_Extracted data:_

-------------------------

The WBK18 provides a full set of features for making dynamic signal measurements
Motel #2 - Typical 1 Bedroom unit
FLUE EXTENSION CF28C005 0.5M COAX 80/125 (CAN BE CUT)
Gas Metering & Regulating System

-------------------------

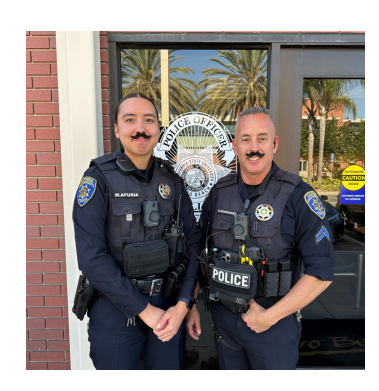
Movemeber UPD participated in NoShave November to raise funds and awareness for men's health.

-------------------------

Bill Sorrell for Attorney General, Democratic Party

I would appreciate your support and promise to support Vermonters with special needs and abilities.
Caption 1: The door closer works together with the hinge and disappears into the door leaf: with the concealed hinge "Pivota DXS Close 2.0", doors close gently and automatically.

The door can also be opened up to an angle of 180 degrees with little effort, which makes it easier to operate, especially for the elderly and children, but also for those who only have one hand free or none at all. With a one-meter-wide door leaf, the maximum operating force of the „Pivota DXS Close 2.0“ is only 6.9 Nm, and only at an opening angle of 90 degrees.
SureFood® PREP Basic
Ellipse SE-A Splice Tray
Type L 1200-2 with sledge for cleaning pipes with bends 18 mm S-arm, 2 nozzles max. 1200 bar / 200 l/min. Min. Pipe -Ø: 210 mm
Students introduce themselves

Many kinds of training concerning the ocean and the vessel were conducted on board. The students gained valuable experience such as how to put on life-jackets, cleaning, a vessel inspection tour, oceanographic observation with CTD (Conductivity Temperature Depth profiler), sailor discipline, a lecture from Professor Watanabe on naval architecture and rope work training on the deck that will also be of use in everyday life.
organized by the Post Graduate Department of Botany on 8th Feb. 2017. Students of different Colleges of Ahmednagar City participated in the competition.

-------------------------

_Instructions to follow:_ All lines above containing the string "Close" are to be collected.

_Exercise result:_
Caption 1: The door closer works together with the hinge and disappears into the door leaf: with the concealed hinge "Pivota DXS Close 2.0", doors close gently and automatically.
The door can also be opened up to an angle of 180 degrees with little effort, which makes it easier to operate, especially for the elderly and children, but also for those who only have one hand free or none at all. With a one-meter-wide door leaf, the maximum operating force of the „Pivota DXS Close 2.0“ is only 6.9 Nm, and only at an opening angle of 90 degrees.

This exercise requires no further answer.